My grandfather showed Wallack how to operate the radio, suggesting that the warden move closer to the window to get better reception. He moved closer to the door and the shelf with the coffee percolator. Dr. Wallack turned to face the window and twiddled the knobs. He found Mozart. He found Eddie Fisher. While his back was to the room, my grandfather leaned over and grabbed one of a dozen unopened boxes of sugar cubes on the shelf below the percolator. He reached around to grab hold of his own shirt collar, jerked it away from his neck, and dropped the box of sugar cubes down the back of his shirt.

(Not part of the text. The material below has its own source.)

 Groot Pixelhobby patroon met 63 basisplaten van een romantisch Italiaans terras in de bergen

Dr. Wallack turned back and my grandfather had to put his eyes somewhere, so he put them on the rocket. A loving but clumsy hand had shaped the fins, nosecone, and sweep of the fuselage from strips of thin card around a tube left over from a roll of paper towels. The paper was crusted with dried mucilage and blotched with red, white, and blue paint, but the rocket’s proportions were pretty good. There were stars and stripes and the legend u.s.a. written twenty times all up and down the thing in execrable handwriting.
“Theo’s work,” Dr. Wallack said.
“I figured.”
“Gone space-mad, like all the other boys since Sputnik went up. Building rockets. Rockets to the Moon! Trying to figure out how to make them really fly.”

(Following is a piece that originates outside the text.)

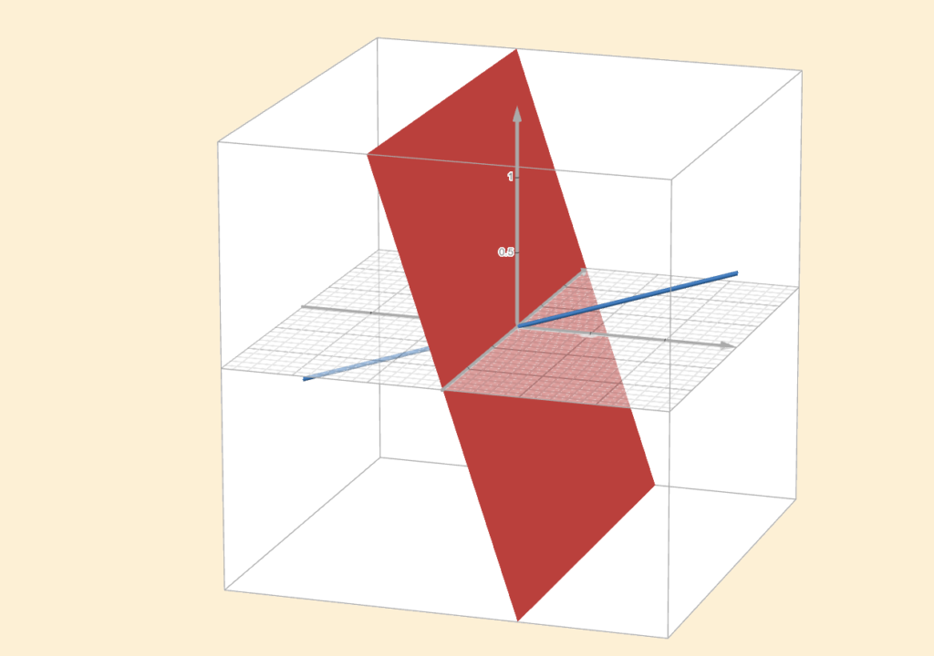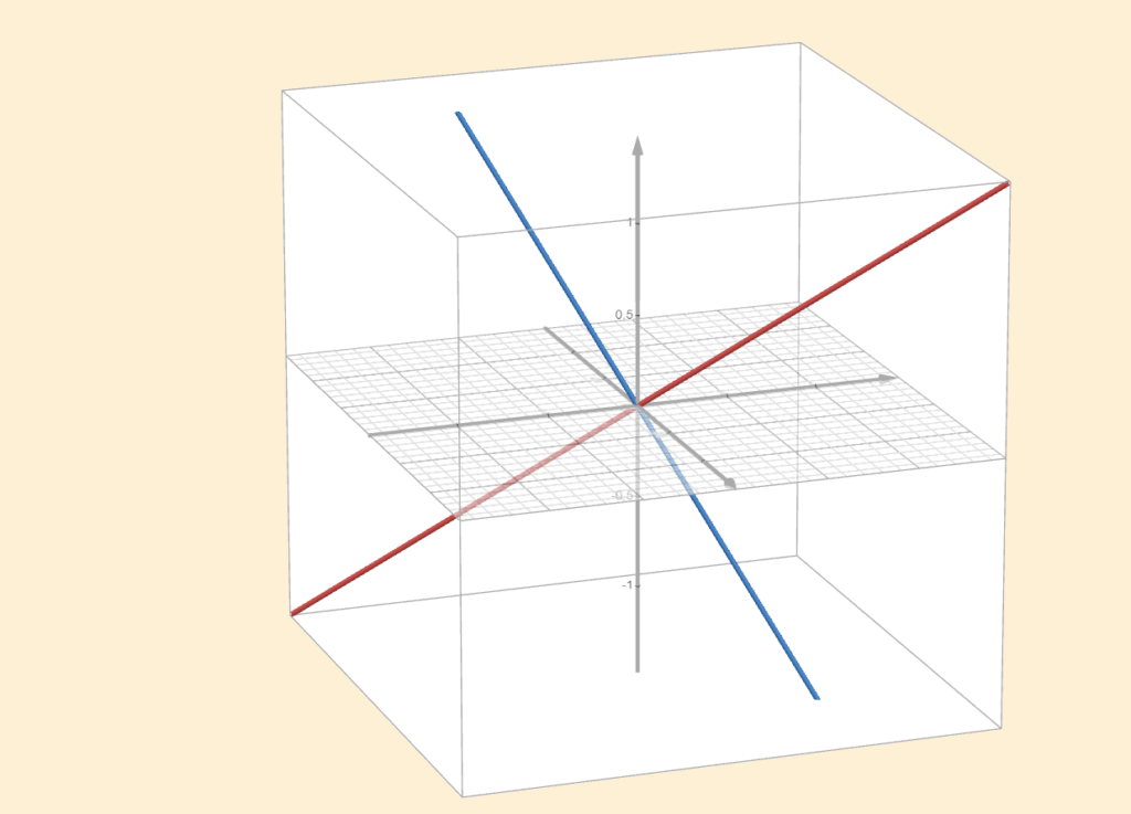If two subspaces are orthogonal to each other and their dimensions add up to the dimension of the whole space, then we call one the orthogonal complement of the other. One subspace “completes” the other by being perpendicular to it and filling the rest of the space. In the example above, the two lines are perpendicular, but neither is the orthogonal complement of the other.

“Interesting problem,” my grandfather said. “I’ll think about it.” All you would need, he idly thought, is a little bit of sugar.
He backed out of the room, scuttled past the warden’s secretary, and then hurried to his cell to hide the sugar cubes.
On the third night after lights-out, my grandfather sat on his cot with some tape, wire, a flashlight battery, and the guts of an old clock from the scrap heap in the Hut. Working by the blare of light through the window, he ground the cubes to powder in the box and then mixed in KNO3, packing the sugar box as tightly as he could with the “candy,” as it was known. After an hour’s patient work he had a configuration of wire, battery, candy, and time that was both plausible and strictly nur zu demonstrationszwecken. He was not sure how plausible it was that Hub Gorman would know how to construct even a rudimentary explosive device like this one, but he also wasn’t sure it really mattered. The mere presence of it in Gorman’s cell, once my grandfather had tipped off the guards, would likely be enough to get Gorman transferred out of Wallkill to Green Haven or Auburn or someplace where he really belonged. Hub Gorman did not belong in a prison that had beehives, a creamery, a complete Encyclopaedia Britannica, and a photo enlarger.